Once I got a working version (and proved it worked with a series of tests) I submitted a PR explaining this monstrosity and also listing places I especially needed help with:

Through conversations on our gitter and on the PR thread, I began refactoring and immediately cut some of the obvious bloat. However, even after a couple, rounds of refactoring I was still looking at a PR that added 200+ lines of code for the addition of only a single field (not including tests).

The Rust Community Saves the Day:

Even though this code was still ugly, I was proud of the code I had written — remember I am still very new to the rust programming language and I had written all this code myself. So, I decided to post in the r/rust “What’s everyone working on this week thread.” A few days later, the creator of the serde crate, David Tolnay, reviewed my PR.

Here is an approach that avoids duplicating all the fields of Transaction by representing memo as a flattened adjacently tagged enum containing data that is deserialized as an untagged enum.



#[derive(Deserialize, Debug)]struct Transaction {id: String,

/\* other fields \*/  

#\[serde(flatten)\]  
memo: Memo,  

}









#[derive(Deserialize, Debug)]#[serde(rename_all = "lowercase", tag = "memo_type", content = "memo")]enum Memo {Text(String),Id(i64),Hash(String),Return(String),None,}

WOW, incredible! With the above revisions, my PR went from:

  1. Intermediate Transaction
  2. Transaction Deserialization Function
  3. Intermediate Memo
  4. Memo Deserialization Function
  5. Memo Struct
  6. Transaction Struct

To simply:

  1. Memo Struct
  2. Transaction Struct

Essentially, using a couple cheeky serde tricks I was able to cut my PR down to less than 50 lines (not including tests).

Conclusion

TL;DR: the rust community is amazing!

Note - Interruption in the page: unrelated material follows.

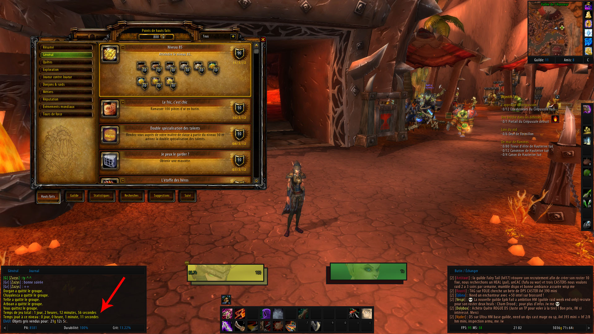 Je me suis lancé comme défi vendredi soir de passer 85 avant dimanche soir. En bref, j’ai passé le Week-End sur WoW. J’ai profité de l’offre de résurrection de personnage dont vous pouvez voir la méthode de fonctionnement ici. Seul regret, je n’ai pas réussi à passer sous la barre des 1 jours de /played comme MamyTwink le disait dans son article. Il s’en est fallu de peu mais on ne chasse pas les vieux démons d’un farmeur d’HV qui à tendance à camper Orgrimmar.

All the most wonderful parts of my journey can be attributed to the rust community:

  • The Stellar SDK group who so willingly took me in and has the patience to help me out.
  • David Tonlay who graciously offered support in refactoring my most recent Stellar SDK PR.
  • The New Rustacean Podcast that I listen to on my daily commute to work (Chris Krycho if you are reading this, I’d love to get in on a second t-shirt order)
  • The rust Discord which offers 24/7 help
  • And so much more…

Sure, ownership is hard and I still don’t fully understand it. Sure, it often seems as if the borrow checker is purposely working against you. Sure, rustaceans may only be marginally as cool as gophers. Sure you could compromise and write that app in JS 3x as fast.

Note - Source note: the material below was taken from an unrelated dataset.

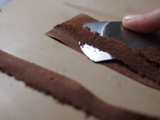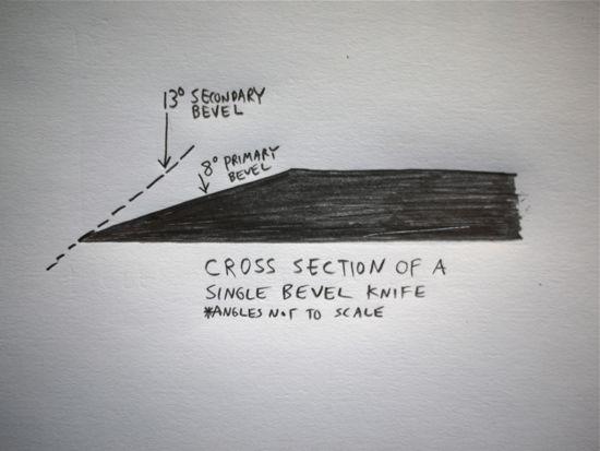 The cutting edge of this knife is slightly wider than the narrow Swiss and French knife that I currently make, but the length of the blade is wedge shaped so the area that is gripped is still comfortably narrow. Also, it has a secondary bevel, which accounts for the strange looking, extremely acute 8 degree primary bevel. The advantage of a secondary bevel is that there is much less metal to remove when resharpening or stropping. This is especially the case with a thick and wide knife like this. The primary bevel is fairly roughly ground: only half a millimeter of the secondary bevel, which is the cutting edge, is fully sharpened and polished. In a normal knife of this thickness, the length of the bevel would be about ten times this amount. Although I don’t think the time spent sharpening the bevel corresponds one to one, it does take significantly less time.

However, that all being said, the rust community is very welcoming and will be there for you when you’re ready to quit (or smash your computer as you get another lifetime error). If you haven’t reached out or found an exciting open source project to contribute to, I highly recommend you give it a try!

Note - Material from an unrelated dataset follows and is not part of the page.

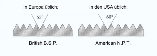 BSP Gewinde haben eine steilere und längere Flanke als metrische und auch als NPT Gewinde. Der BSP Flankenwinkel ist 55°, gegenüber 60° bei metrischen und NPT Gewinden (siehe auch die folgende Abbildung).

The greatness of a community is most accurately measured by the compassionate actions of its members.- Coretta Scott King

Disclaimer: While I do work on many open source Stellar projects as part of my job, I contribute to the Rust Stellar SDK 100% on my free time and never at the workplace (typically between the hours of 10PM — 12AM). I did not start this project and I am far from being the lead maintainer. I am simply a newbie looking to learn rust while contributing to a project I am excited about.